> **PROBLEM**: Please give back each line of the material unchanged, but without the images.

[Opening SOURCE DATA section]

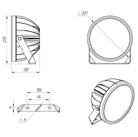 | Габаритные размеры светильника, мм | 130х207х220 |
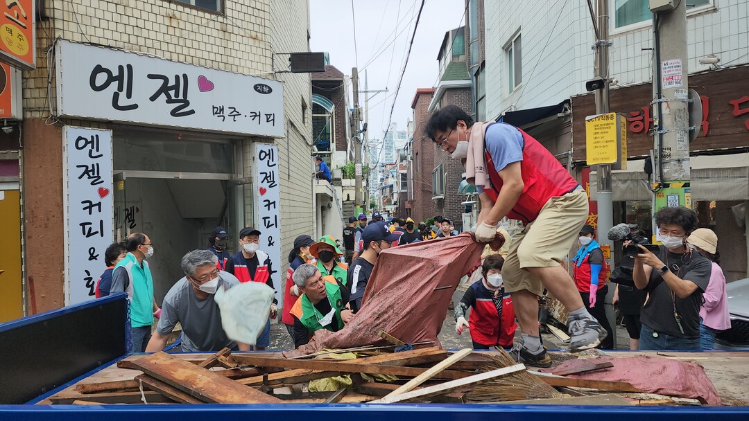 ▲ 군포시 산본1동에서 자원봉사자들이 물에 젖은 가구를 옮기며 수해복구 자원봉사 활동이 진행되고 있다. [사진제공=한국중앙자원봉사센터] |
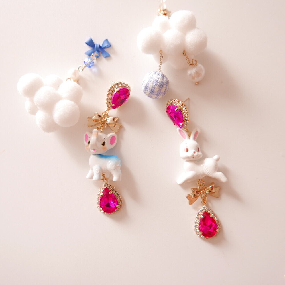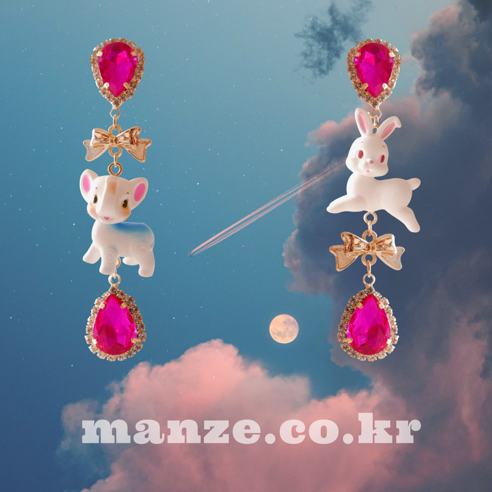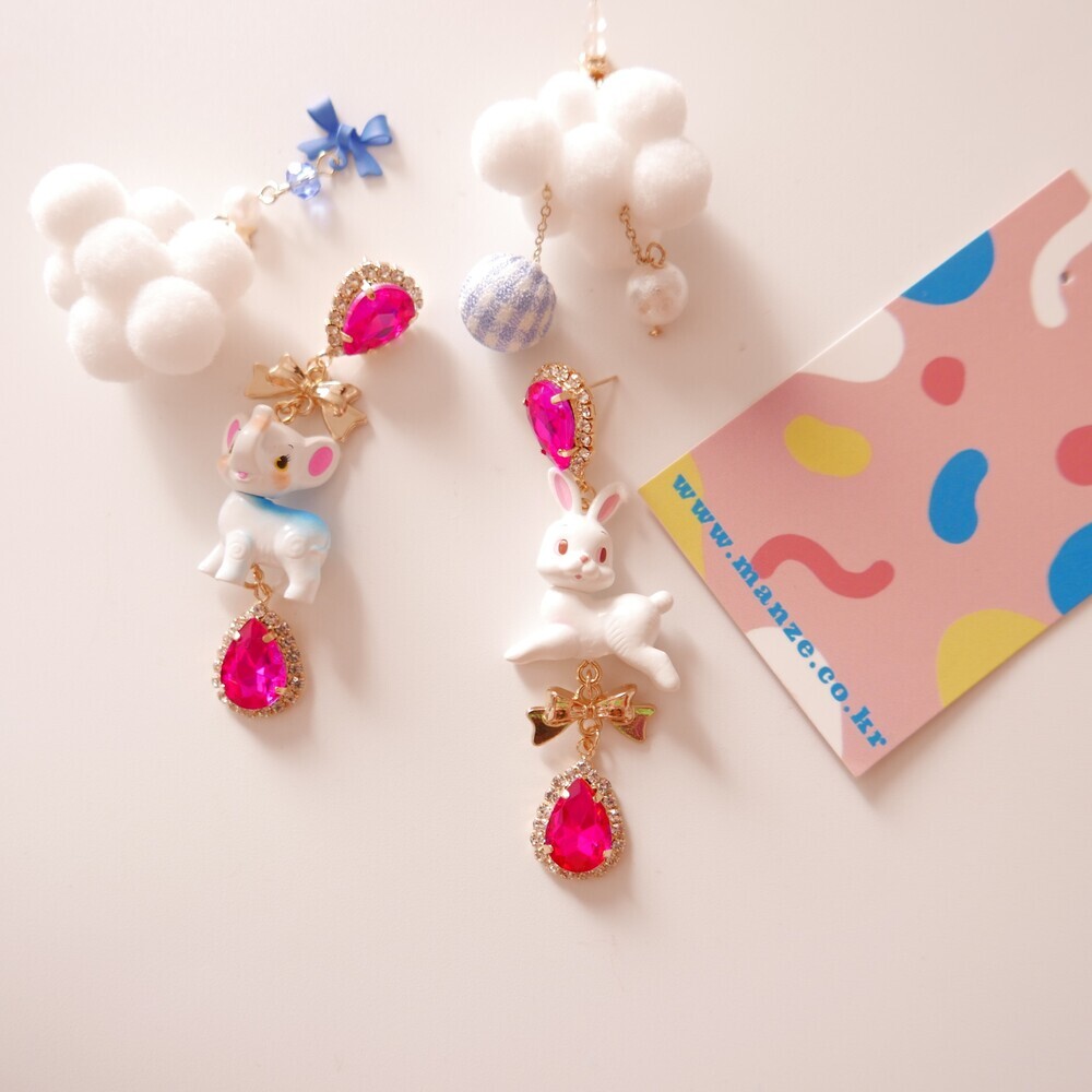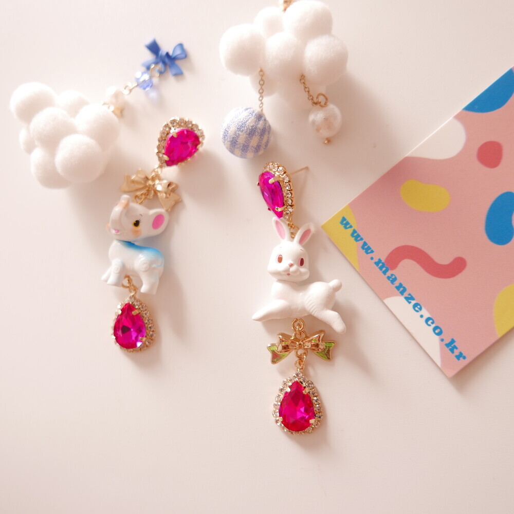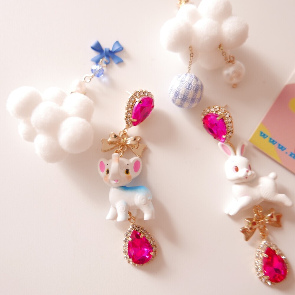 These charming Cocory & Toto earrings feature a playful bunny and puppy duo, paired with sparkly teardrop crystals and mini gold bows for extra sweetness. The vibrant pink tones and whimsical characters make this pair a statement piece for lovers of dreamy, fairytale fashion. Made with hypoallergenic silver 92.5% posts, these are perfect for sensitive ears too!

[Closing SOURCE DATA section]

> **RESULT BELOW**:
 | Габаритные размеры светильника, мм | 130х207х220 |
 ▲ 군포시 산본1동에서 자원봉사자들이 물에 젖은 가구를 옮기며 수해복구 자원봉사 활동이 진행되고 있다. [사진제공=한국중앙자원봉사센터] |
 These charming Cocory & Toto earrings feature a playful bunny and puppy duo, paired with sparkly teardrop crystals and mini gold bows for extra sweetness. The vibrant pink tones and whimsical characters make this pair a statement piece for lovers of dreamy, fairytale fashion. Made with hypoallergenic silver 92.5% posts, these are perfect for sensitive ears too!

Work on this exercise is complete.